The Thompsons were in the first-class dining saloon when the ship was torpedoed by the German submarine SM U-20 on May 7, 1915. Thompson retrieved lifebelts from their cabin, and on the boat deck gave his own to fellow passenger Charlotte Luck, who was traveling with her two young sons; none of the Luck family survived. As the ship made its final plunge, the couple were swept into the water and separated by the suction of the sinking liner. Maude was pulled onto a collapsible raft and rescued by a trawler that landed survivors at Queenstown; Thompson was lost, and his body, if recovered, was never identified. Maude's cable home, reading "Maudie safe", was mistranscribed in transmission in a way that briefly gave his family false hope of his survival.

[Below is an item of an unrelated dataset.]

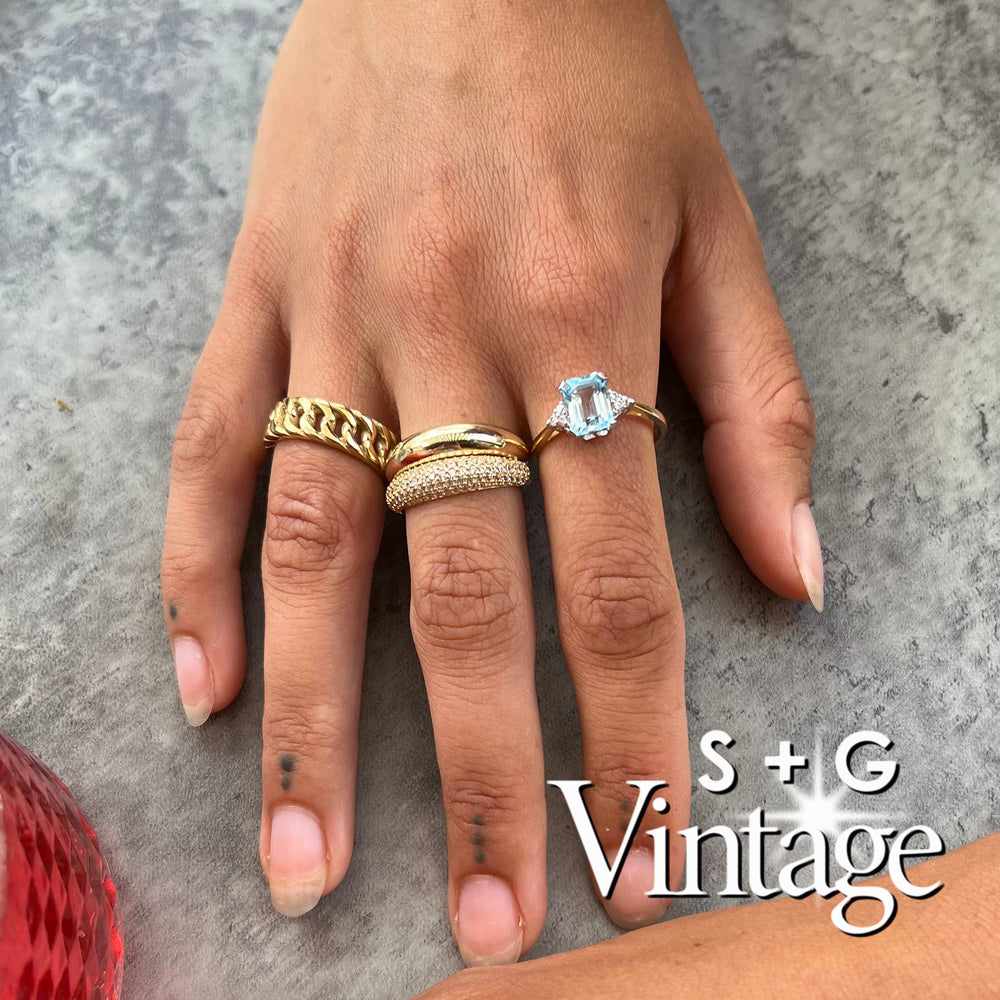 Vintage 9ct Solid Gold Topaz Diamond Ring

Thompson was one of four Yale alumni who died in the sinking, along with Alfred Gwynne Vanderbilt, Lindon Bates Jr., and Justus Miles Forman.

== Memorial and legacy ==
A memorial service was held on June 18, 1915, at the First Presbyterian Church in Seymour, attended by Blish Milling employees and Thompson's Yale classmates, and a monument was erected over an empty grave at Riverview Cemetery in Seymour. His widow endowed an annual scholarship at the Sheffield Scientific School reserved for graduates of Shields High School in Seymour.

Maude Thompson filed a claim against Germany with the State Department in August 1915. She returned to Europe during the war, donating Thompson's two National automobiles to the French war effort, and served with the Red Cross in France, where in November 1917 she married the French aviator Count Jean de Gennes. Because her remarriage to a foreign national terminated her American citizenship under the law then in force, the United States–Germany Mixed Claims Commission dismissed her claim in March 1925, holding in Maud Thompson de Gennes (United States) v. Germany that the claim was not impressed with American nationality when the Treaty of Berlin took effect. The decision by umpire Edwin B. Parker became a frequently cited authority on the nationality of claims in international law.

The couple had no children. Maude, who as Countess de Gennes lived at the Château de Longue Plaine in the Loire Valley and remained in France through the German occupation, died in Queens, New York, on May 17, 1951.